Ebbing enrollment


Oct. 16, 2020, 4:08 p.m. | By Jasper Swartz | 1 year ago

Enrollment has dropped off this fall in light of remote learning realities in MCPS


Following an announcement from MCPS on July 21 that students would not return to in-person school for at least the first semester, a large number of MCPS families opted to unenroll in favor of private education or homeschooling options. 

At the Montgomery County Board of Education (BOE) meeting on Oct. 6, MCPS revealed that the enrollment total for the 2020-2021 school year is 161,150 students, marking a drop-off of more than 4,100 students since last year, when enrollment totaled 165,267.

According to Superintendent Jack Smith at a Board meeting on Sept. 13, this large shift has for the most part occurred in elementary schools. While most middle and high schools met their expected enrollment numbers this year, no elementary schools reached their projections.

Melissa Wilets, the mother of a 12-year-old starting sixth grade this year, decided to transfer her son to the independent Washington Waldorf School due to the high screen time MCPS expects of students amidst virtual learning. She disapproved of the county’s learning model in the spring, noting the “heavy reliance on technology.”

Wilets already knew a family with a student enrolled at Waldorf who had a positive experience with the school’s virtual learning strategy. “We heard good reports about how they were teaching the kids and how they were able to translate what they normally do to this new environment,” she said. 

When she initially transferred her son, Wilets hoped that he would be learning in a physical classroom; instead, the Waldorf school adopted a hybrid model, including both virtual and in-person learning. “They are going in person once a week and have an hour and a half with their teachers and classmates outside with masks on,” she said. “I think that’s really made a difference. Kids get to interact with each other in person, which isn’t happening with MCPS.”

Junior Caroline Quinn also changed schools in light of COVID-19, transferring from Walt Whitman to St. Andrews Episcopal School in Potomac. Quinn is satisfied with her decision because she will be going back to school in person as soon as this week. “It’s hard to feel like you’re really going to school right now because we are still online, but I’m looking forward to going in person,” she said.

Last year, only 74 students unenrolled in MCPS in favor of homeschooling. However, this year almost 1,080 students have left the public school system to be homeschooled, according to data presented to the BOE.

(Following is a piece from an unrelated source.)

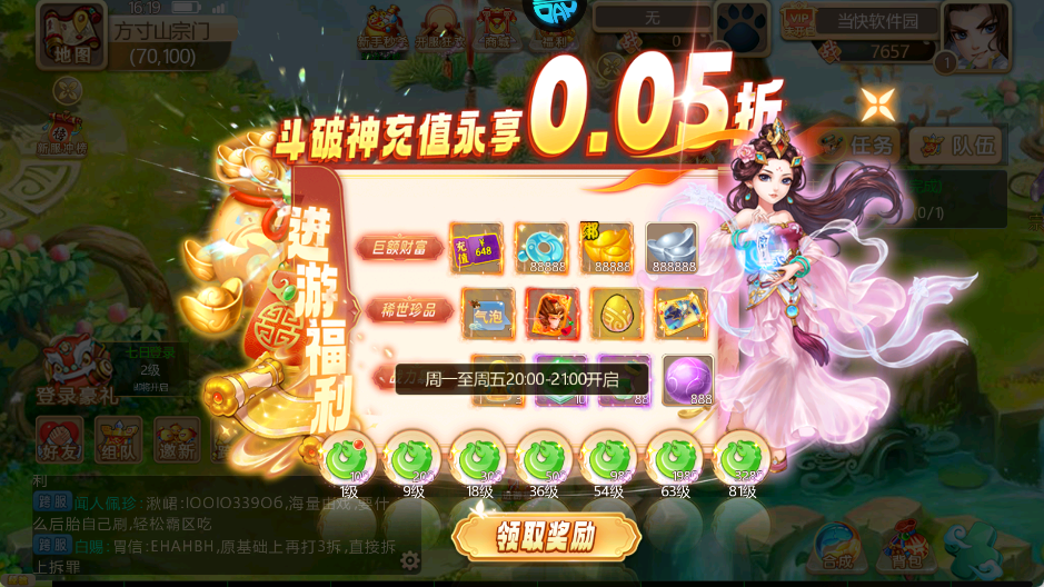 4、创角送财富锦囊:充值卡*648元,仙玉*88888、银元*888888、绑元*88888!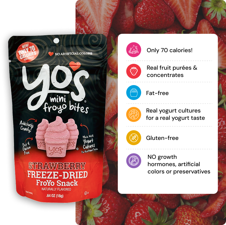 That's right! Crunchy, freeze-dried frozen yogurt that will have you screaming for more! Bite down and feel the crunch or let every Yo’s® mini froyo bite melt away around your taste buds and enjoy a symphony of fruit and froyo together like never before!

Hemakshi Gordy, who graduated from Blair in 2020 and decided to take a gap year due to COVID-19, has been tutoring two elementary school students. They unenrolled from MCPS over the summer and are homeschooling this year.

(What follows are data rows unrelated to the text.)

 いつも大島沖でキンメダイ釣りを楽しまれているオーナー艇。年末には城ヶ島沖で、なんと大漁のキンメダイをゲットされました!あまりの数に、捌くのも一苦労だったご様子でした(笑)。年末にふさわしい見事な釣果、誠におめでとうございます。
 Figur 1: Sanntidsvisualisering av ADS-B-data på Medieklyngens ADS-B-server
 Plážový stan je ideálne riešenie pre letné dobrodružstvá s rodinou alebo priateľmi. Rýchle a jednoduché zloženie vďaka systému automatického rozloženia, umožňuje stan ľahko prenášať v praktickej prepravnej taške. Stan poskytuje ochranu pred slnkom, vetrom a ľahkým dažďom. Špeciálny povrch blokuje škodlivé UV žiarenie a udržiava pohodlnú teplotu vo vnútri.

Gordy explained that the students were due to start kindergarten and second grade at Takoma Park Elementary School this fall. However, when MCPS unveiled its new virtual learning plan over the summer, their mother decided that homeschooling would be a better fit. 

As a single parent working a full-time job, the students’ mother does not have the capacity to help two small children with their schoolwork throughout the day along with her job, so she decided to hire Gordy to teach them in person. “It was going to be hours and hours of Zoom, something like nine a.m. to three in the afternoon for elementary school kids, and that is absolutely not reasonable or possible for most families,” Gordy said, “let alone for families where both parents are working or parents who don’t speak English. It just wasn’t going to work out.” 

Elizabeth Danielski, a Blair junior, also seriously considered a switch to private school over the summer. However unlike Wilets and her family, Danielski decided to remain in MCPS.

Danielski explained that the private schools that she looked into did not have the same diversity in course options as Blair, so by remaining in public school she has the opportunity to take the classes that she’s interested in. “AP Chemistry is one of the classes that the private schools we looked at didn’t have… so I’m glad that I got to stay with MCPS for that,” she said, “but on the other hand, a lot of private schools are open now, and for a lot of my other classes, that would probably be a more effective method of learning.”

Last updated: Nov. 25, 2020, 12:27 p.m.